We have been using this in -production to fix our GSuite 1h-disconnection problems and this has been confirmed to work.
@drzraf so actually, in doing some digging on this subject to make sure that things are being handled properly, and to specs. I happened upon an actual reason for why you were having this issue. It has been on the table to quite some time to replace much of the core functionality with a standard Composer package. I happened upon this issue:
https://github.com/jumbojett/OpenID-Connect-PHP/issues/286
Which further took me here:
https://stackoverflow.com/a/65702100
Basically, what is happening is that once you authenticate the first time with Google you won't get a new refresh token un later requests without using prompt=consent or approval_prompt=force and access_type=offline. This is apparently not well documented with Google/GSuite. I'm not inclined to include this PR as I think there is more to the fix that is really required.
An additional follow-up that I happened to come across this MU Plugin that is essentially an add-on for this plugin that addresses the Google refresh token issue.
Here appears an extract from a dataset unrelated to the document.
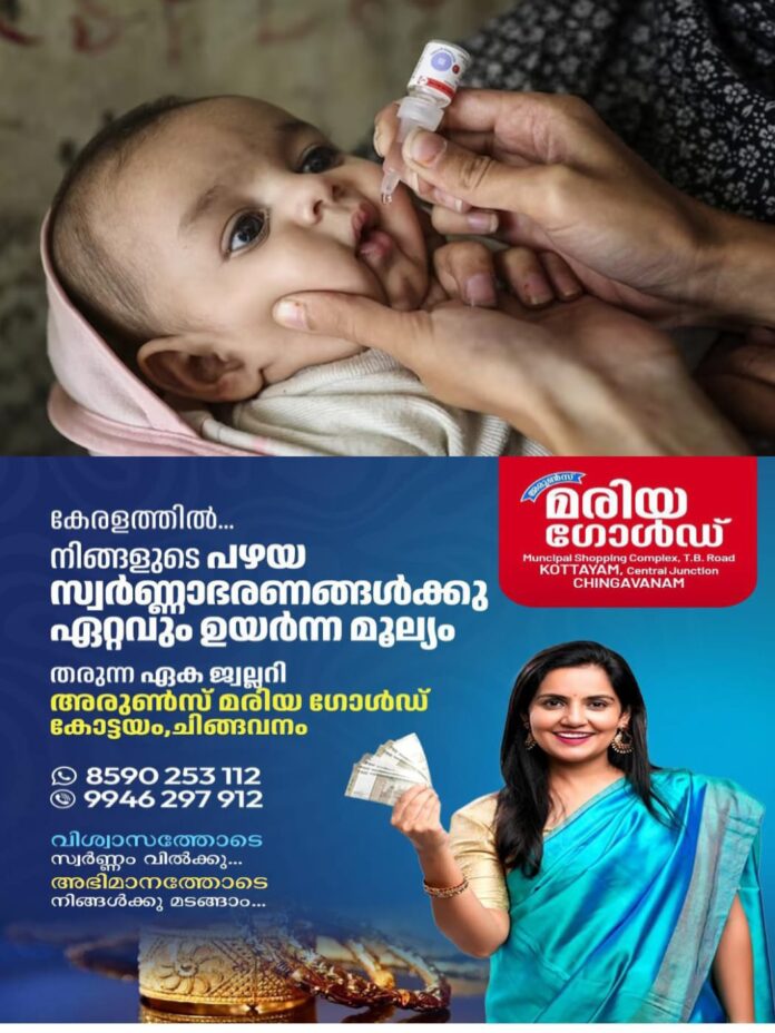 കോട്ടയം: പോളിയോ വൈറസ് നിർമാർജനം ലക്ഷ്യമിട്ടു നടത്തുന്ന പൾസ് പോളിയോ ഇമ്മ്യൂണൈസേഷൻ പരിപാടി കോട്ടയം ജില്ലയില് ഇന്ന് നടക്കും.

https://gitlab.com/animalequality/wp-openid/-/blob/master/wp-openid.php
https://gitlab.com/animalequality/wp-openid/-/blob/master/wp-openid.php
I wrote this code, and having a filter to customize the request (adding prompt=consent) is nice but it doesn't free this plugin from the responsibility of behaving correctly by not emptying an existing/valid refresh token which is what this PR is about.
@drzraf from what I see this isn't some clear problem specifically with this plugin as an issue with Google specifically. I didn't close the PR or issue I simply postponed it until I can find some very clear documentation on all of the handling and can test with other IDPs. The very fact the the code submitted has a comment regarding the scenario of what if the token was actually expired and the comment said "dunno" is not a very confident response to the proper way this should be handled.
All of the notes I made were in regards to doing actual research into this issue to ensure that the correct solution is implemented and not just something that appears to be a fox for 1 IDP or use case.